Friday, July 12, 2013

A Pill for Will

We have pills for just about anything. We have pills to make our blood pressure come down, pills to make our hormones go up, pills to bring our sugar down and pills to make our mood go up. We take pills when our body hurts, and we take pills when we can’t sleep.  We take pills to help us breath, to help us heal, to help us eat, and to help us not to eat. 

There is at least one thing that we have no pill for.  In fact, if someone could invent a medicine for this, they’d be an instant millionaire.  I’m not talking about a pill to cure cancer, or a fountain of youth pill, but something much more basic; a pill to increase a person’s will.

It’s inherently obvious, but worth stating, that for someone to want to get well, they must have the desire to get well. This inner fire or zeal to conquer challenges is what we call will power.  Although expected to have an impact in such things as sports, business success, or even dieting, we tend to forget that someone’s will has enormous impact on end of life issues.

It can be startling for families to watch a loved one’s health ebb away, especially if a doctor insists that medically everything is fine.  “I don’t understand”, they’ll say, “the tests came back negative, yet Dad doesn’t want to get out of bed!”  It seems incredulous that someone wouldn’t at least try to live.

This frustration to instill in someone else the will to change or the will to live is aggravating, because it is out of our control.  Despite our cajoling and encouragement, no argument seems good enough to increase that inner oomph. 

What can we do then? First, understand that whether right or wrong, thousands die every day simply because they’ve given up.  Doctors can’t write that the cause of death was ‘loss of will to live’ so it is sometimes written as ‘failure to thrive’ but more often another disease is listed, though inwardly we know that the patient’s lack of desire to go on played a large role in their death.

Second, it’s important to know that deciding you are ready to die isn’t the same as being depressed.  While depression can certainly interfere with one’s stamina and enthusiasm for living, there are scores of individuals who just decide they are done with life, and they are not at all depressed.  It is crucial to tease out depression, though, because it can be treated.

Lastly, and most importantly, we can develop empathy.  There is always something at the heart of giving up. Sometimes a person is tired of dealing with chronic pain, other times they are terrified of living alone, or of falling and being helpless.  At times, a person may feel they are being a burden, or they’ve lost their life-long love.  When we are open to hear why someone has lost their will, if nothing else it inspires compassion. 

It is okay to continue to try to change our loved one’s will, but ultimately it is their choice, and our lasting gift should be respect . . .at least until that pill gets invented.


Readiness and Dying

To parents the concept of readiness is very familiar. The idea implies that there are certain milestones a child will not achieve until they are ready.
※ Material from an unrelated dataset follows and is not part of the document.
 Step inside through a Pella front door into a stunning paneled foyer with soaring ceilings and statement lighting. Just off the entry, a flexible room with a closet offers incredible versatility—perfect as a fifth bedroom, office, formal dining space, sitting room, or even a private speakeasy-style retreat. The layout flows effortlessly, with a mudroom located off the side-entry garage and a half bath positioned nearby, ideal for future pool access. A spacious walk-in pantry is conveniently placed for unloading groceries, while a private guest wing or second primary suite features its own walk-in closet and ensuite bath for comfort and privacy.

I have heard the term associated with first words, toilet training, writing the alphabet, and reading. It helps explain some of the frustration parents go through when struggling with why one child could write their name at 3 and another sibling exposed to the same environment didn’t write their name until 5. 

There is another type of readiness that I see frequently surrounding end of life issues and that is the readiness of patients and families to accept a prognosis.  The futility parents feel with wasted efforts trying to get their toddler to write the letter ‘E’ when the child only knows scribbling, can feel akin to the frustration medical personal and family members feel when trying to get a patient to realize how close to death they really are.
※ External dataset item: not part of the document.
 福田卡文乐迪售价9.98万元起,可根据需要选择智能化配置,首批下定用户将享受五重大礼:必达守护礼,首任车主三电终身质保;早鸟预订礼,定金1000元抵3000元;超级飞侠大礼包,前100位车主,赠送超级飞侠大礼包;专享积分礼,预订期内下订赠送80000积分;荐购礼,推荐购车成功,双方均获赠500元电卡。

There is tension when two parties have different perceptions on what the reality of a situation is. Usually the more logical, realistic person feels the need to convince the more hopeful and potentially even delusional person, of their faulty views.  “Mom has to realize that she’ll never be able to take Dad home again!” or “Doctor, you must convince my aunt that she’s dying!”
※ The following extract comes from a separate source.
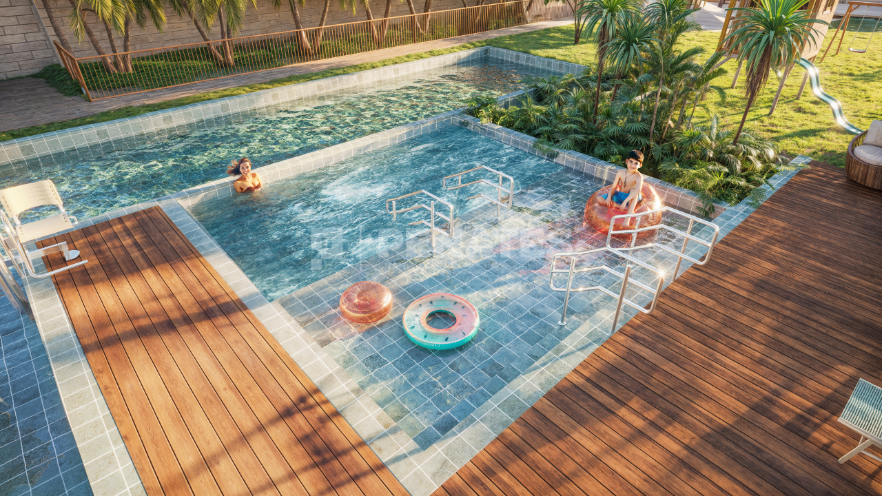 Piscina adulto com raia, infantil, hidromassagem e deck molhado

There are two questions this brings up. First, is it really necessary to force someone to accept reality on their death bed? And secondly, is it even possible? It is with the later that the concept of readiness plays a role. If a patient, or even a loved one, is not ready to acknowledge their prognosis, then frankly it is wasted energy on anyone’s part to try a forceful approach.

In such cases, I have found it helpful to do the opposite. By simply respecting their perspective, thus taking away the battle of wills, a safe place is created by which time becomes the ultimate revealer of truth. In other words, when someone in denial no longer must spend all their energy convincing the world of their perception, suddenly that extra energy and time can be spent reflecting on the reality of what is right in front of them.

In our impatience, we often want this process of acceptance done immediately; but readiness is still at play, and despite all our efforts at respecting, arguing, teaching, or waiting, the truth is many still will never get to that place of acceptance.

Which leads us to the first question; is it really necessary to know we are dying?


I have been with patients incapable of knowing their prognosis due to dementia or other serious illnesses. Those deaths have been just as peaceful as those in whom knowingness existed. I have also sat with patients who were very capable of reality, but because of unreadiness, did not accept that truth. Their deaths still occurred, but often were not as peaceful as others.  It may not be necessary, however, I have watched as hospice has supported patients and families, moving them to readiness. In these individuals the transformation from denial to acceptance can be as rewarding as watching my kindergartner learn to read.